Start of SOURCE DATA
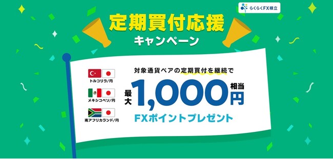 株式会社外為どっとコム(本社:東京都港区、代表取締役社長:竹内 淳)は、FX積立『らくらくFX積立』におきまして、2023年11月6日(月)より「定期買付応援キャンペーン」を実施します。
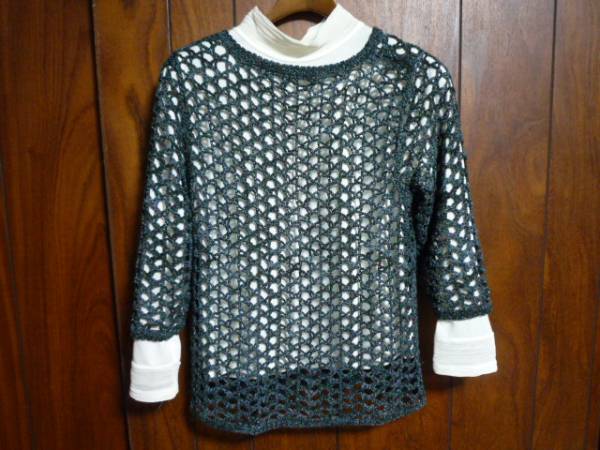 手編み 七分セーター ニット ハンドメイド ラメ入り
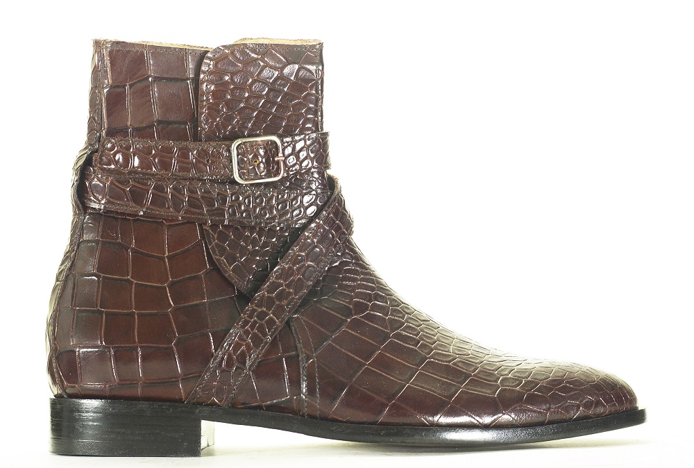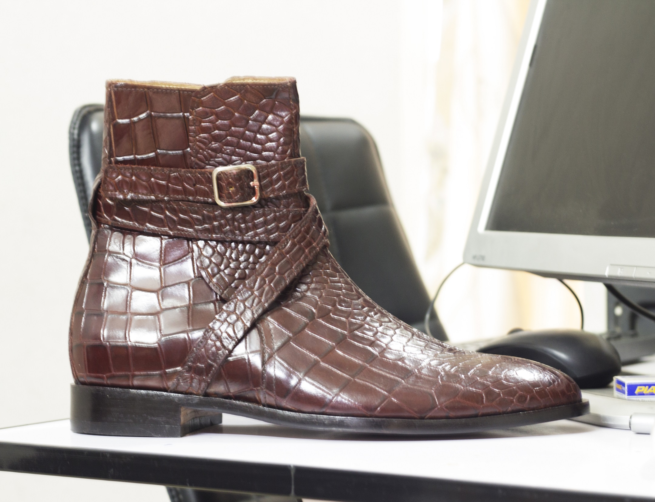 Handmade Brown Ankle High Alligator Texture Leather Jodhpurs Boot
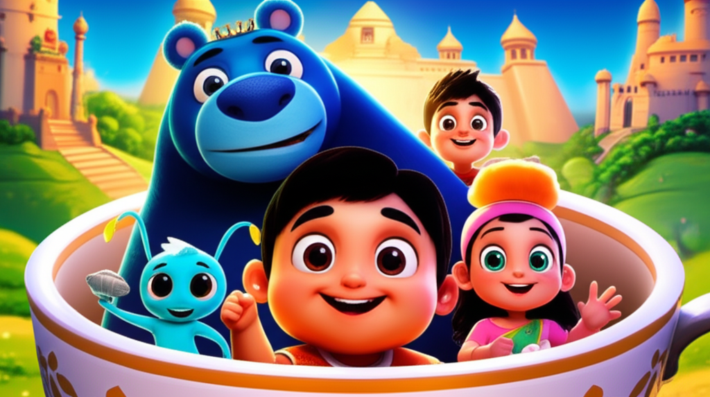 ఒకానొక సమయంలో, ఒక విశాలమైన గదిలో, ఒక పెద్ద టీ కప్పు ఆకారంలో ఉన్న టైమ్ మెషిన్ ఉంది. ఆ మెషిన్ లోపల, డీప్ స్కై బ్లూ రంగులో ఉండే బెరోన్ అనే ఒక అందమైన, మృదువైన ఎలుగుబంటి ఉంది. అతని కిరీటం మెరుస్తూ ఉంది మరియు అతని రోమములు గాలిని బట్టి పొంగి పోతున్నాయి. అతనితో పాటు నీలి ఊదా రంగులో ఉండే, మెరిసే రెయిన్బో డ్రాగన్ ఫ్రిజిల్, మరియు లైమ్ రంగులో ఉండే, వింతైన మూడు కళ్ళ స్పేస్ ఏలియన్ నునీ ఉన్నారు. వారి స్నేహితులు, మరియు టీ పార్టీకి ఎప్పుడూ సిద్ధంగా ఉంటారు.
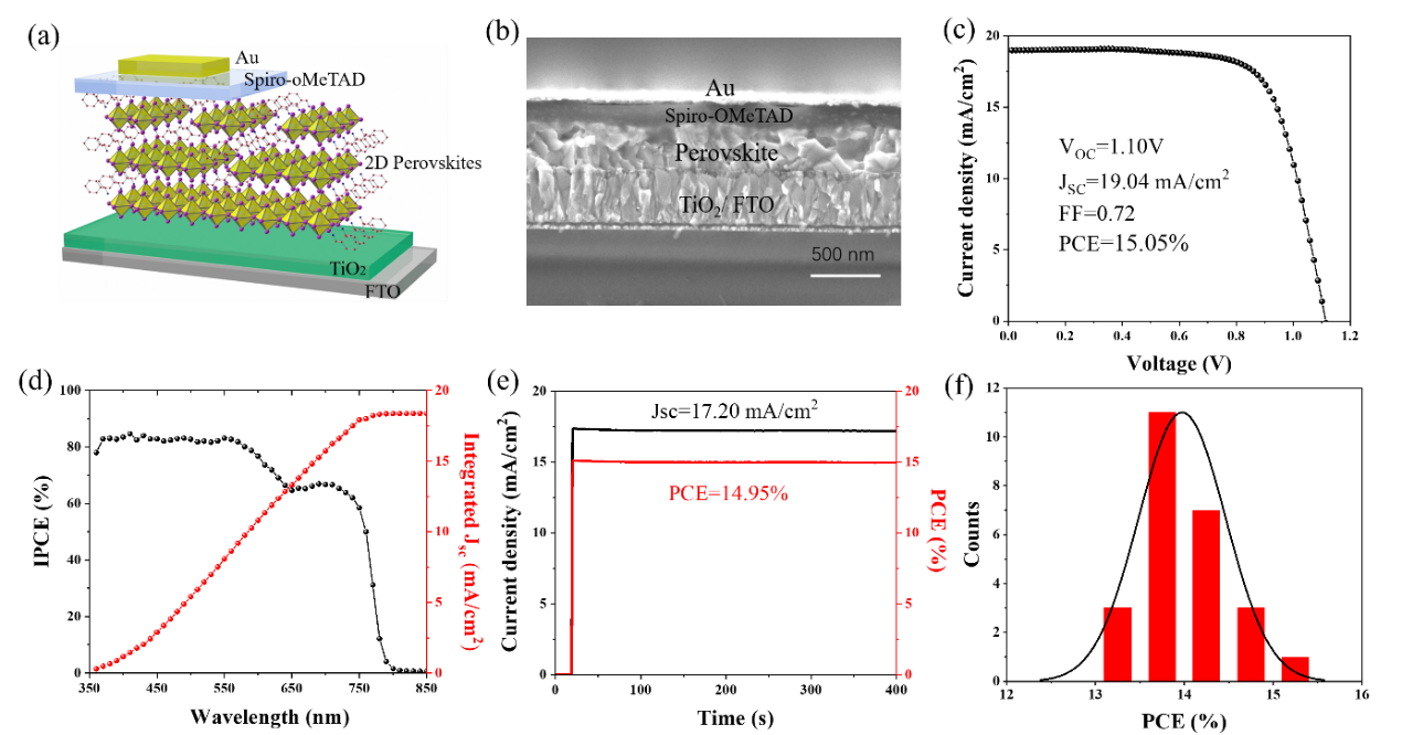 本研究中所制备的2D-RPPs结构为(CMA)2(MA)n-1PbnI3n + 1(MA为CH3NH3 +,CMA 为C6H11CH2NH3 +,n = 1,2,3 ......),采用环己甲胺(CMA)为间隔阳离子。与先前报道的RPP不同,这种新钙钛矿材料的沉积膜表现出反向量子阱(QW)分布的多个相:即小n值的相主要分布在薄膜表面而大n值相集中在薄膜底部。这种分布结构具有以下三个优点:(1)分布在表面具有更强抗湿性的小n值成分可作为屏障,保护脆弱的大n值成分免受水分子的侵蚀;(b)不同相之间组成了第二型能级排布,有利于自驱动电荷的传输;(c)独特的阶梯状量子阱分布拓宽了光子吸收范围,尤其增强了短波处的吸收。由于这些特性,基于环己甲胺的正式平面二维钙钛矿太阳能电池取得了1.10 V的高开路电压,达到了15.05%的能量转换效率。迄今为止,这一结果是已报道的具有正式结构的甲胺系(MA)二维钙钛矿太阳能电池中的最高效率。
End of SOURCE DATA
Among the entries above, take the line with "手編み 七分セーター ニット ハンドメイド ラメ入り", the line with "Handmade Brown Ankle", and all the lines between them, and restate them word for word without pictures.

 手編み 七分セーター ニット ハンドメイド ラメ入り
 Handmade Brown Ankle High Alligator Texture Leather Jodhpurs Boot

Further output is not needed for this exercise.